The novel solutions presented in this paper are an important first step in the development of a complete analytical solution of water hammer equations; however, we consider them to be worthy of sharing with a wider group of researchers. A complete analytical solution can be obtained with the help of the approach presented in this paper through machine learning, as well as with the help of artificial intelligence (AI). To develop such solutions, it is necessary to generalize the series based on the zeros of Bessel functions of the Calogero–Ahmed type. To this day, we know too little about these infinite series. Their polynomial solutions for higher power expansion of analyzed dynamic viscosity function looks to be the key point to completely describe the theory of such Laplace inverses. The extended final solution that will be obtained in the future can be approximated by finite exponential series, exactly those that are currently used in weighting functions for effective numerical calculations of the wall shear stresses in unsteady pipe flows.

Further investigations aimed at finding the final simplified solution to the problem analyzed by the authors in this paper are underway. We should learn whether the solutions presented in recent works in the field of mathematical physics that were kindly proposed by the reviewers would help in the development of the simplified analytical solution of unsteady pipe-flow equations [76,77,78,79]. The initial attempt to find/formulate a generalized analytical formula for water hammer equations in the time domain by using the dynamical viscosity function shows that such a solution will probably be similar in form to the differential form of describing the fractional Bessel functions, as well as a derivative equation that describe the Laguerre polynomials (see Equation (25) in page 319 in Doetsch’s book [80]).
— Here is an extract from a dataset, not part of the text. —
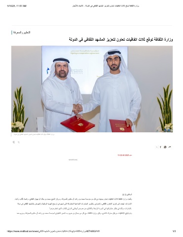 https://www.aletihad.ae/news/ﻲﻓﺎﻘﺛﻟا-دﮭﺷﻣﻟا-زﯾزﻌﺗﻟ-نوﺎﻌﺗ-تﺎﯾﻗﺎﻔﺗا-ثﻼﺛ-ﻊﻗوﺗ-ﺔﻓﺎﻘﺛﻟا-ةرازو/4574883/ﺔﻓﺎﻘﺛ 1/3

However, the missing important part will be the definition of new polynomials that appear during calculation (marked red terms in Appendix B of this paper).

The presented and discussed new method seems to be very promising, as it can be used not only in fluid mechanics but also in other basic sciences: mathematics, materials engineering, thermodynamics, physics, and medicine; it can also be used generally wherever there are solutions based on the similar functions discussed in this paper, i.e., exponential functions and series of the Calogero–Ahmed type.

We do hope that researchers will be able to further simplify the proposed time domain analytical solution. Perhaps they will also manage to simplify the final form, that is, to collapse our solution to the final form; in other words, they need to complete the opposite task to the one performed in Laplace domain, where we decomposed the original function into a doubly infinite series.